KAUST researchers have developed a saliva-powered microbial fuel cell (MFC) that generates electricity using electrogenic bacteria to consume waste and release electrons. The micro-MFC uses graphene as an anode and an air cathode, achieving high current densities (1190 A m-3). The MFC produced 40 times more power than through the use of a carbon cloth anode. Why it matters: This technology offers a novel way to power lab-on-chip or portable diagnostic devices, particularly in remote or dangerous areas, and may offer alternatives to energy-intensive water purification technologies.
KAUST researchers led by Pascal Saikaly are developing microbial electrochemical technologies (METs) for wastewater treatment and energy recovery. The team combines METs with membrane filtration, creating a hybrid air-biocathode microbial fuel cell-membrane bioreactor (MFC-MBR) for simultaneous wastewater treatment and ultrafiltration. This system uses an electrically conductive ultrafiltration membrane as a biocathode for electricity generation and passive oxygen transfer. Why it matters: This innovation offers a sustainable approach to water reclamation by reducing energy consumption and producing reusable water, which addresses critical water scarcity challenges in the region and globally.
KAUST's Water Desalination and Reuse Center (WDRC) held a research conference on wastewater treatment from March 27-29. The conference covered innovations in technologies and microbes to recover resources from wastewater. Keynote speakers included Bruce Rittmann, Bruce Logan, and Jurg Keller, with topics ranging from microbial fuel cells to microalgal biotechnology. Why it matters: The event highlights KAUST's focus on sustainable technologies for water management, addressing critical resource challenges in arid regions.
KAUST researchers have developed a novel wastewater treatment method that recovers energy while removing ammonium. The process harnesses anammox bacteria to oxidize ammonium and generate electrical current or hydrogen gas. Pilot-scale reactors are being tested at KAUST, coupled with photovoltaic panels for solar-powered wastewater treatment. Why it matters: This approach could lead to more energy-efficient and sustainable wastewater treatment, aligning with circular economy principles.
KAUST researchers have developed an energy-efficient wastewater treatment process that generates high-quality effluent suitable for reuse. A pilot plant in Jeddah, operating since July 2022 in collaboration with MODON, treats 50,000 liters of wastewater daily off-grid, generating 1.5 kWh of electrical energy per 1,000 liters treated. The plant utilizes an anaerobic membrane bioreactor (AnMBR) coupled with UV disinfection, removing up to 99.9999% of microorganisms and producing less solid waste. Why it matters: This decentralized, energy-independent system offers a sustainable solution for water treatment in resource-scarce regions of the Middle East, aligning with Saudi Arabia's sustainability goals.
KAUST Associate Professor Peiying Hong has developed a wastewater treatment method using anaerobic membrane bioreactor (AnMBR) technology, which converts organic carbon into methane. In partnership with MODON, a pilot program is operational in Jeddah, treating 23,000 liters of wastewater daily using UV light and hydrogen peroxide for disinfection. This system produces clean water suitable for agriculture and biomass for fertilizer, with a smaller footprint and lower energy consumption than traditional aerobic methods. Why it matters: The AnMBR technology aligns with Saudi Vision 2030's water reuse objectives, reducing reliance on energy-intensive desalination and offering a sustainable solution for water-stressed regions.
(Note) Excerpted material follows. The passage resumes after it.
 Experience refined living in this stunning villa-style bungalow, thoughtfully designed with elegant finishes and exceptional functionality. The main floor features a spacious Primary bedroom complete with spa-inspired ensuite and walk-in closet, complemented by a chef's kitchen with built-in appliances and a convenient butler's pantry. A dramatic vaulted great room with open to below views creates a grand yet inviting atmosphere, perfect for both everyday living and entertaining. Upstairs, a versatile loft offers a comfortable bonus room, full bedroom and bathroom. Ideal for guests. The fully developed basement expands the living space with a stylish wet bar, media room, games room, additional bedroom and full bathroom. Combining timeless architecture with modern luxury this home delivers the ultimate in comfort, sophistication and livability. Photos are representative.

A KAUST team led by Husam Alshareef has developed a microfabricated energy storage device with high energy and power density. The device uses nickel hydroxide as an active electrode material and achieves a volumetric capacitance density of 325 F/cm3. Fabricated using chemical bath deposition at room temperature, the device can power microelectronic devices. Why it matters: This research advances energy storage technology in the region, potentially impacting the development of microelectronics and portable power solutions.
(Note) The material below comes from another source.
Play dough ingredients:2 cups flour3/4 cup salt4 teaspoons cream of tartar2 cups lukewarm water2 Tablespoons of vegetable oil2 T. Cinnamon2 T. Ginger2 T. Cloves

KAUST faculty member Enrico Traversa is researching nanostructured materials for sustainable development in energy, environment, healthcare, and solid oxide fuel cells (SOFCs). His work focuses on developing next-generation SOFCs based on chemically stable proton-conducting electrolytes to reduce operating temperatures. Traversa also develops scaffold biomaterials for tissue regeneration, aiming to create heart tissue using patient-derived stem cells. Why it matters: This research contributes to KAUST's focus on energy, water, environment and food, with potential for advancements in clean energy and regenerative medicine.